Today in the test when writing hive SQL, notice that we put the order by behind the query, and if there is no field, an error is executed.
He will report the following mistake. In fact, at this time we think about whether it is wrong to write. But take a closer look. There seems to be no mistake.
At this point we may wonder if there is a problem with the order in which the statements are executed in hive. So I add the fields after the order by in the back of the previous select:
Sure enough, after that, there is no problem with execution. This is the time to summarize the order in which the hive statements are executed.
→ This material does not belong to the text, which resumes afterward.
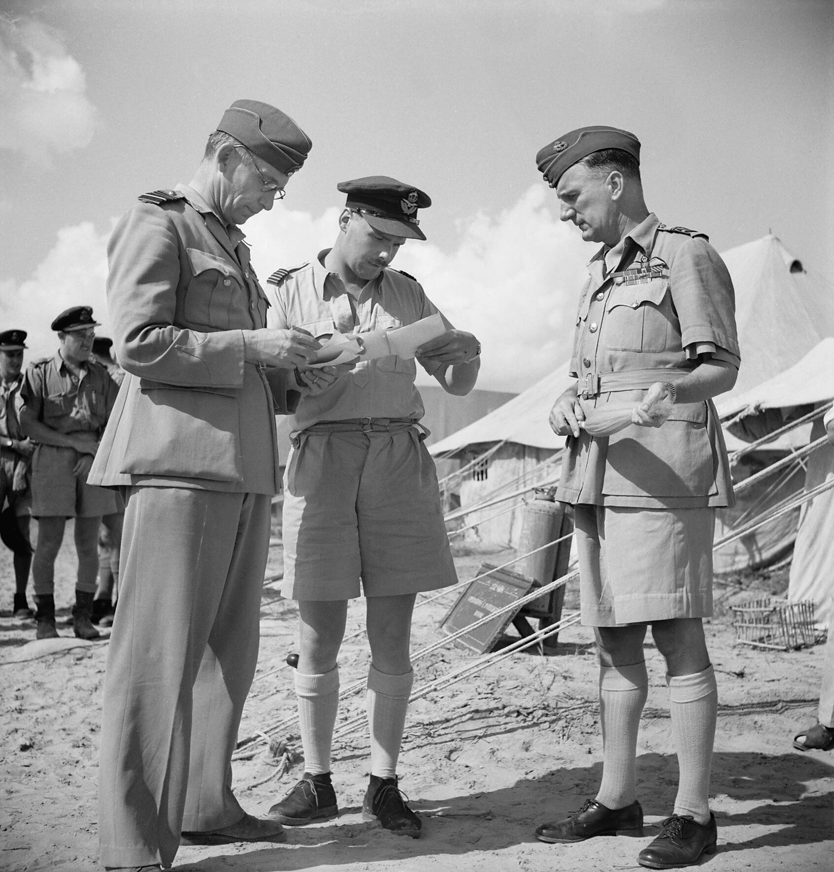 Royal Air Force- Operations in the Middle East and North Africa, 1940-1943. Air Chief Marshal Sir Arthur Tedder, Air Officer Commanding-in-Chief, Middle East (left), studies photographs taken during operations by No. 252 Squadron RAF being shown to him by the Commanding Officer, Wing Commander P H Bragg at Idku, Egypt, during Tedder's extended visit to the Western Desert Air Force and No. 201 Group units prior to the Alamein offensive. Air Vice-Marshal L H Slatter, Air Officer Commanding No. 201 (Naval Co-operation) Group RAF, looks on at right.

The order in which queries are executed in the EXECUTE statement of Hive:
This is a sql:
Select ... from ... .... GROUP by ... having ... order by .....
Execution order:
From ... select ... Group by ... ... have ... order by ..... ...
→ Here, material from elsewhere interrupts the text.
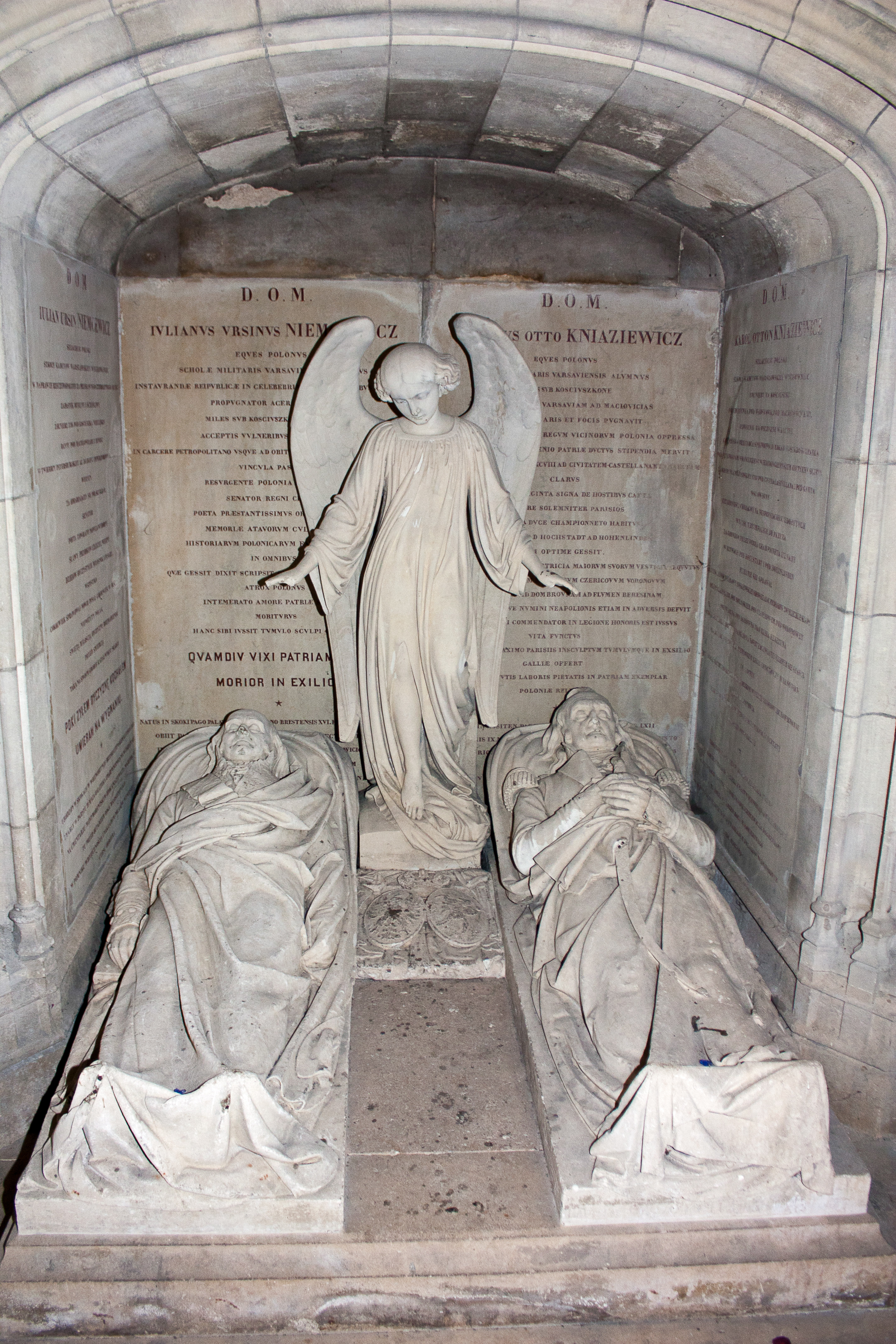 Funerary Monument of General Kniaziewicz and Senator Niemcewicz.

In fact, the execution order of the summary hive is also a summary of the execution sequence of MapReduce:
The execution order of the MR Program:
Map phase:
1. Perform from load, make table lookup and load
2. Performing a where filter to filter and filter conditions
3. Executing a SELECT query: Filtering for output items
4. Perform GROUP BY grouping: Describes the functions that need to be computed after grouping
5.map file Merge: Map side local Overflow Write file merge operation, each map eventually formed a temporary file. Then map to the corresponding Reducereduce stage by column:
Reduce phase:
1.group by: Group and calculate the data sent over the map side.
2.select: Last filter column for output results
3.limit sorting results output to HDFs file
So by the above example we can see that after SELECTT we will form a table and do the sorting in this table.
The order in which SQL is executed in hive.